Well, I don't have this one figured out, but I do have lots of experience struggling with it.
Here is what I do when I get really anxious (like lately, when I am spotting): I pray in the car. (While DS is asleep in the back, because I am better at praying out loud.) I'm not all that theistic, either, but it helps me enormously to just say hey god-or-goddess-or-whoever, please help me keep breathing, and walk with me through my fear. And then I might go ahead and pray for peace, or for all the people in the world struggling so much harder than I am, and that turns my focus out of myself and keeps me connected with the world.
I had all the regular tests last time, and I'm skipping them all this time. Maybe I trust more. But I think mostly I know more--that the tests didn't make me feel safer, really, and the drawbacks of them.
I also am trying to replace the images in my head--or the talk in my head.
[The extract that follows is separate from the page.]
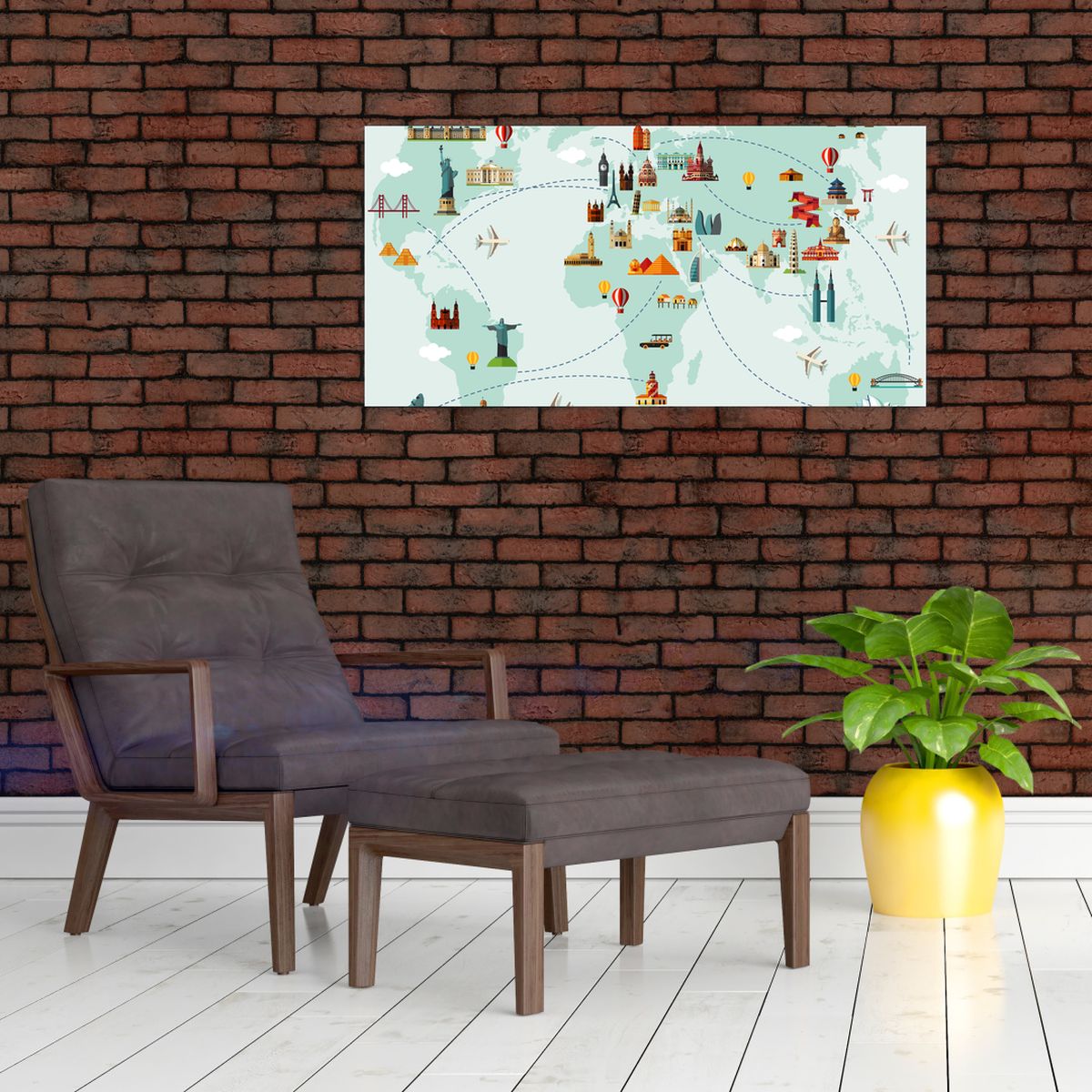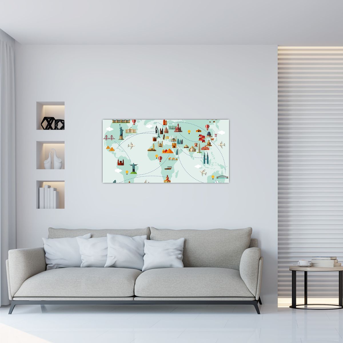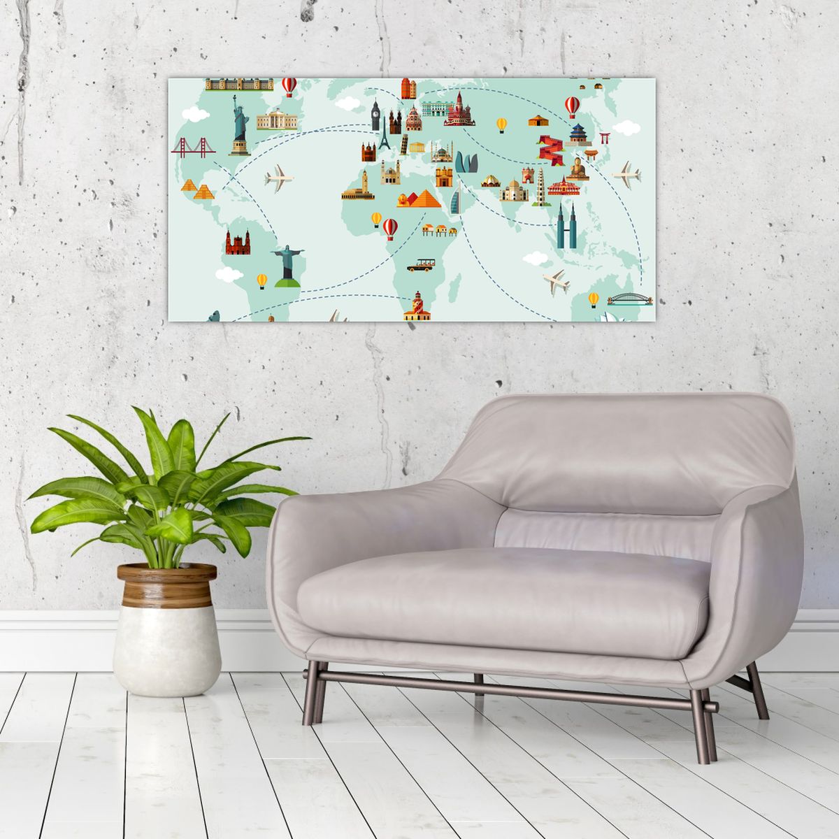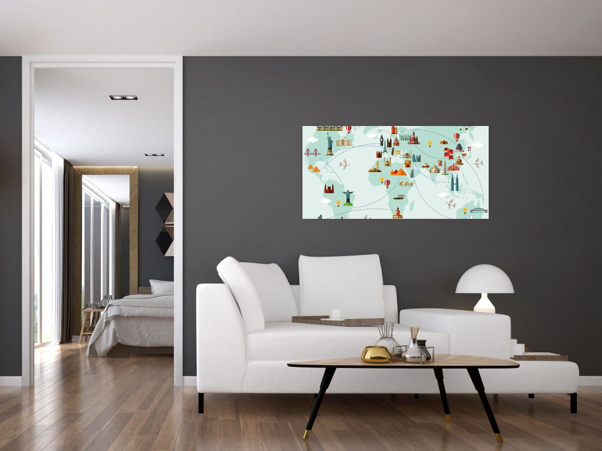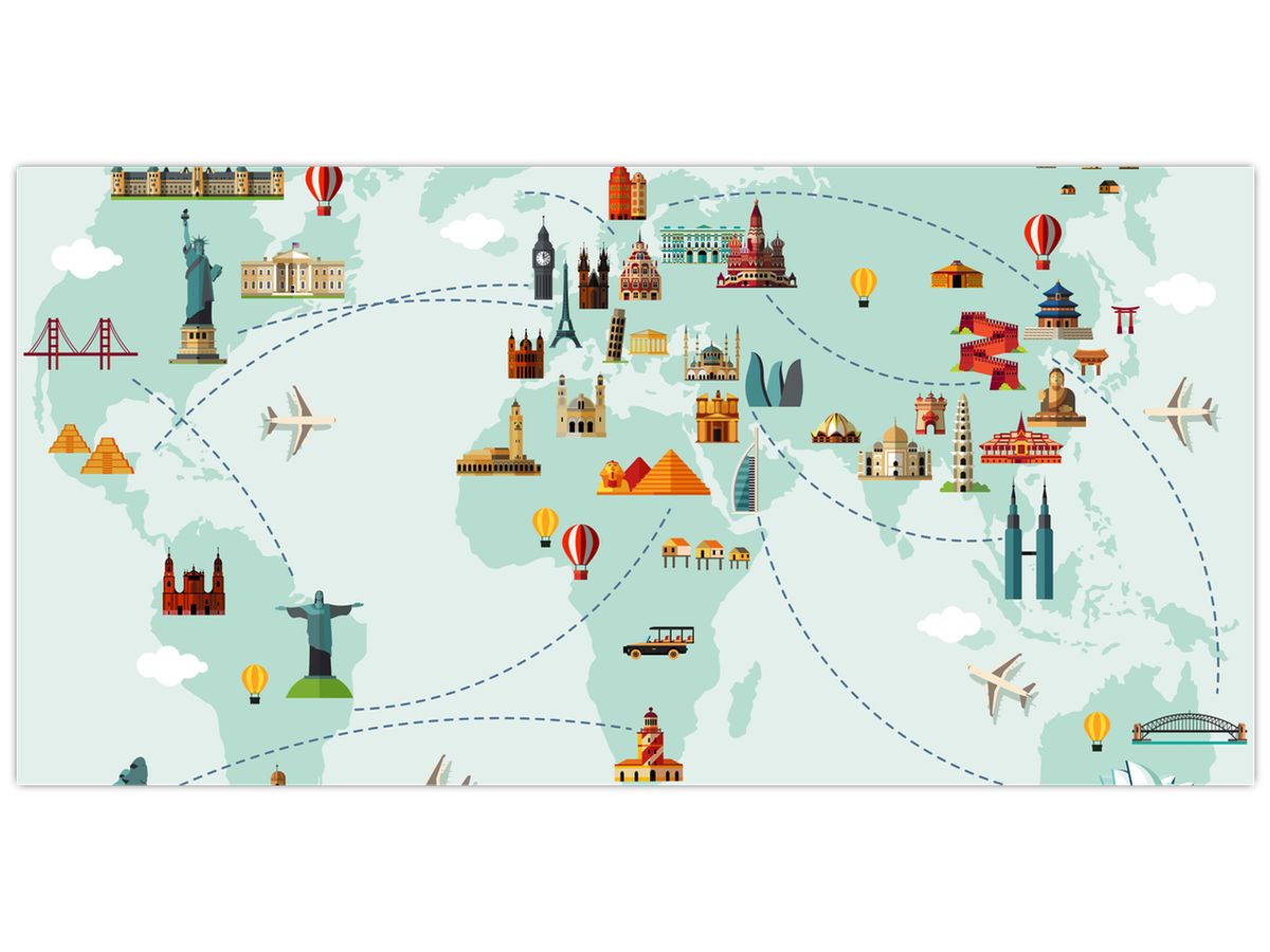 Glasschilderij - Reiskaart van de wereld

Like when I hear myself saying what if I have a mc, or imagning that, I tell myself about all the friends I can rely on if that happens, and then gently refocus on something that's about love, not fear--like loving my son who's already here, and remembering his birth; or how excited I am to be working with a midwife this time and planning a home birth; or planning what really healthy yummy food I'm going to eat as soon as I can make it to the kitchen.
I don't know about fear drawing bad things to you--I have always been fearful, and have had a wonderful life. I keep telling myself, fear is just fear. It's scary, but it doesn't mean anything except that I'm afraid, and I don't have to let it run my life--I can just keep breathing and wait for it to pass.